TASK GOAL.
In the records that follow, find the line with "這是7月16日拍攝的日喀則國際陸地港出口貨物查驗(yàn)場(chǎng)(無人機(jī)照片)。新華社記者 李鑫 攝"; from there, retype every line exactly through the line with "Queen Sheba Costume, a", which also belongs to the answer.

GIVEN ENTRIES.
+-------+

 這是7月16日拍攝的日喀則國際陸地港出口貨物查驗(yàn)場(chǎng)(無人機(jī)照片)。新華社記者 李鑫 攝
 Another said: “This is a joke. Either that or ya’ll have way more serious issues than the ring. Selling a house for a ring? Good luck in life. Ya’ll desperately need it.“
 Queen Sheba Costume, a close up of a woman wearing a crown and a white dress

+-------+

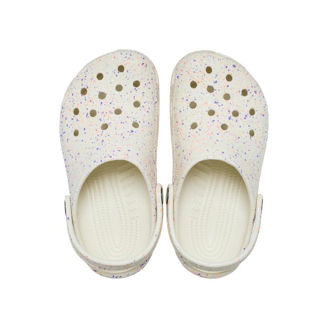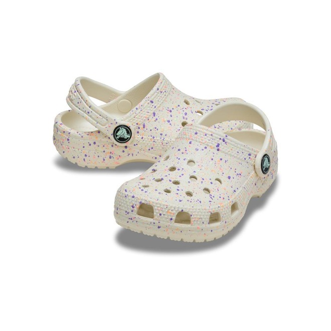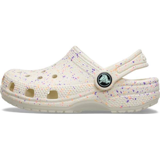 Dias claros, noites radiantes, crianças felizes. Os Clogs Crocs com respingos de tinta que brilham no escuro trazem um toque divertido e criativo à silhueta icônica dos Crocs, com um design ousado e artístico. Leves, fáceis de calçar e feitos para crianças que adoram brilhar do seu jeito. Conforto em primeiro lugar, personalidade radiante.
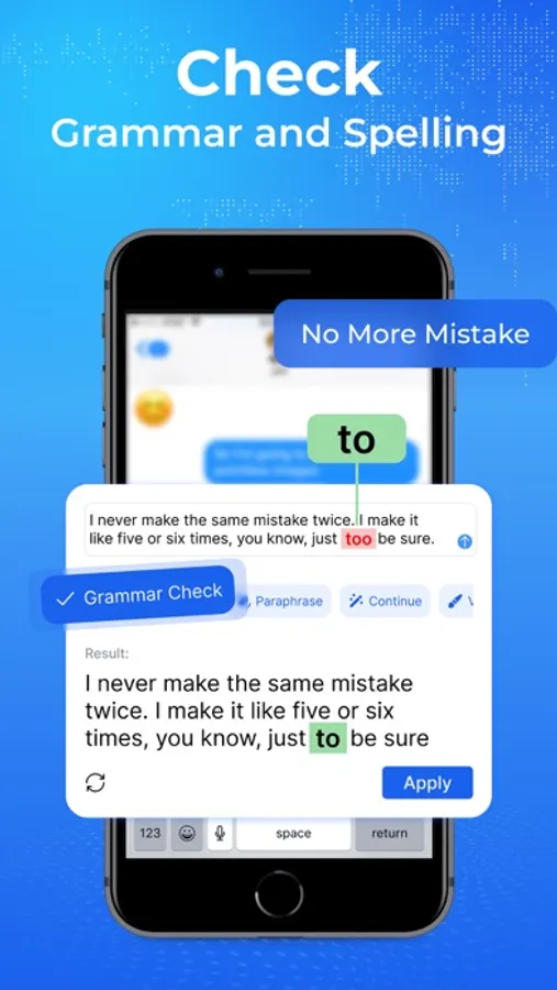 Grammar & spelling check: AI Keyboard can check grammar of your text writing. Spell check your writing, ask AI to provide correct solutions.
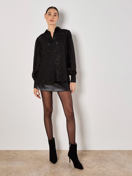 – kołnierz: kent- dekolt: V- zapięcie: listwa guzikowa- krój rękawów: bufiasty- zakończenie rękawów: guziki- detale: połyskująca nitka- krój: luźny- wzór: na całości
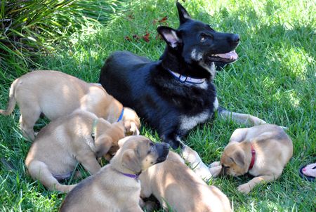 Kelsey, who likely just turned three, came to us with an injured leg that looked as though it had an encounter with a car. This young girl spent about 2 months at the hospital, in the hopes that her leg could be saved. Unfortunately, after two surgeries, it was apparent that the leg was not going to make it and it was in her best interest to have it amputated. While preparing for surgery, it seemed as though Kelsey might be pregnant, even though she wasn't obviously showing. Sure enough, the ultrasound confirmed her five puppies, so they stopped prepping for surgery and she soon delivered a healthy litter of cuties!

+-------+

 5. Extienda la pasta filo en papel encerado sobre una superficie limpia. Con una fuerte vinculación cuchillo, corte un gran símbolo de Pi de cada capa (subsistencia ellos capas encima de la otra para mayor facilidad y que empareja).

+-------+

RESULT BELOW.
 這是7月16日拍攝的日喀則國際陸地港出口貨物查驗(yàn)場(chǎng)(無人機(jī)照片)。新華社記者 李鑫 攝
 Another said: “This is a joke. Either that or ya’ll have way more serious issues than the ring. Selling a house for a ring? Good luck in life. Ya’ll desperately need it.“
 Queen Sheba Costume, a close up of a woman wearing a crown and a white dress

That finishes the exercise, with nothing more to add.